| TASK REQUIREMENTS |
The answer must consist only of the lines in the records below from the line with "- Spacious Drawers: Generous" to the line with "I kan roligt", both included, copied word for word with every picture left out.

| EXCERPTED RECORDS |
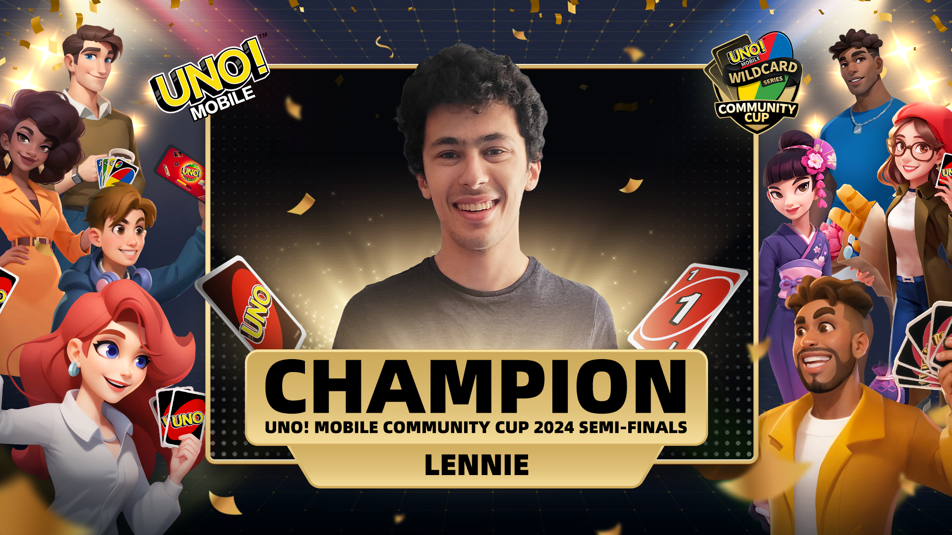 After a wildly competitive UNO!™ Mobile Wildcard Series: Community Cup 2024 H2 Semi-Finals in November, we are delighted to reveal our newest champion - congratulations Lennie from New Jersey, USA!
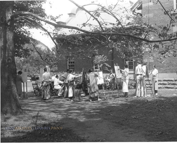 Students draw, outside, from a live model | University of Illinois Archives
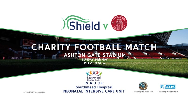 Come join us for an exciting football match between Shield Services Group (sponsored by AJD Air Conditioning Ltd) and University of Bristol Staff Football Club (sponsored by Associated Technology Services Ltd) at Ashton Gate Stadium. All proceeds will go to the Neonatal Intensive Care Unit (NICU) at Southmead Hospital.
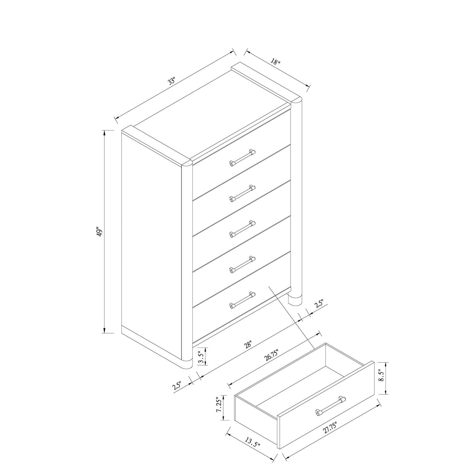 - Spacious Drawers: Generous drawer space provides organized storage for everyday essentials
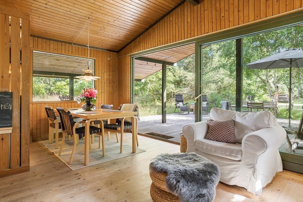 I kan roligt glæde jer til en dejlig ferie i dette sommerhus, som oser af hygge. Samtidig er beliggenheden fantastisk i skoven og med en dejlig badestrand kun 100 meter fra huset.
--
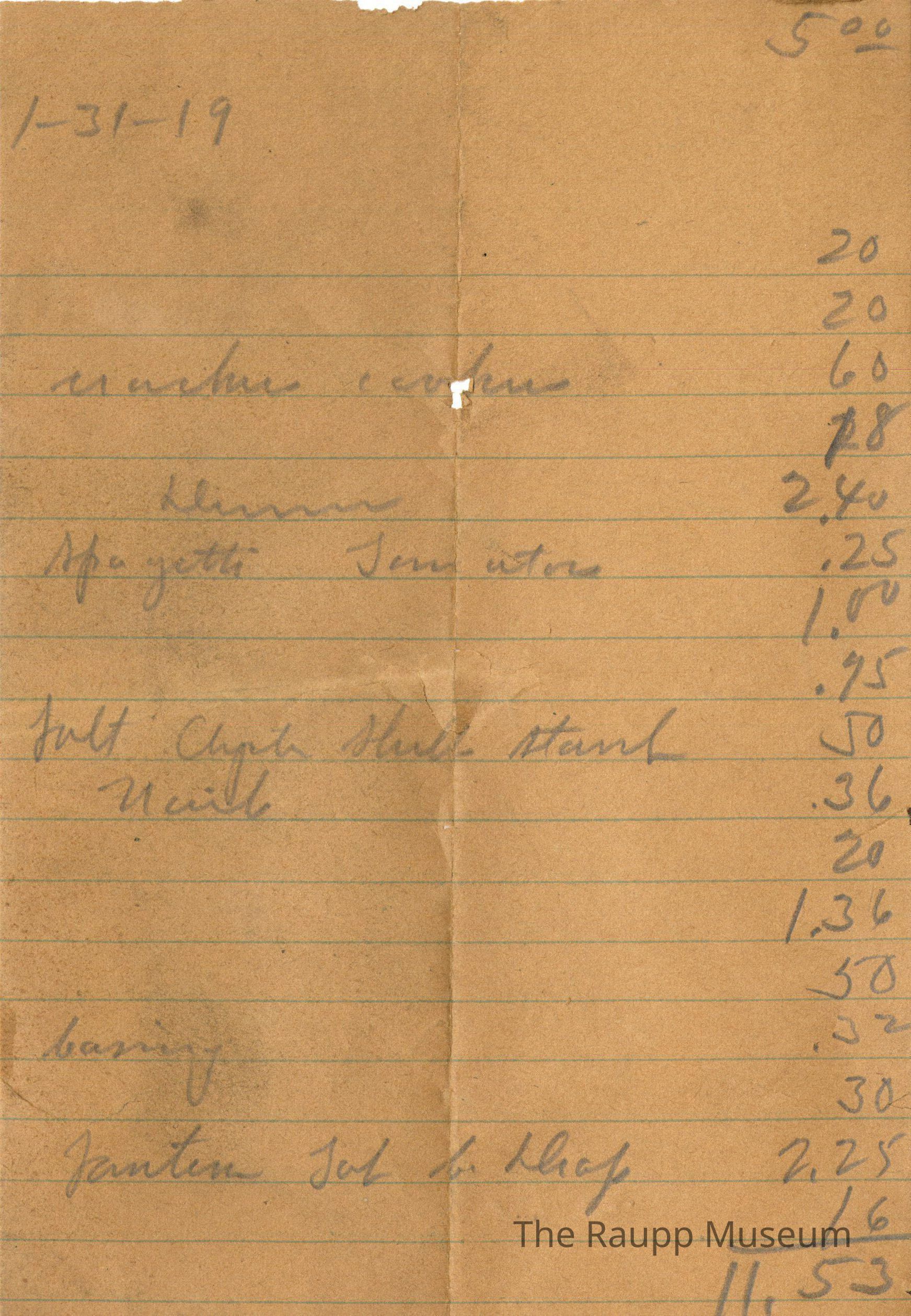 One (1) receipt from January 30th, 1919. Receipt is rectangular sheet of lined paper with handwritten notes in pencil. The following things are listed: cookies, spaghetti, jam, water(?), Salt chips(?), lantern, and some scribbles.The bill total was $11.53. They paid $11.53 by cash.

| TASK RESPONSE |
 - Spacious Drawers: Generous drawer space provides organized storage for everyday essentials
 I kan roligt glæde jer til en dejlig ferie i dette sommerhus, som oser af hygge. Samtidig er beliggenheden fantastisk i skoven og med en dejlig badestrand kun 100 meter fra huset.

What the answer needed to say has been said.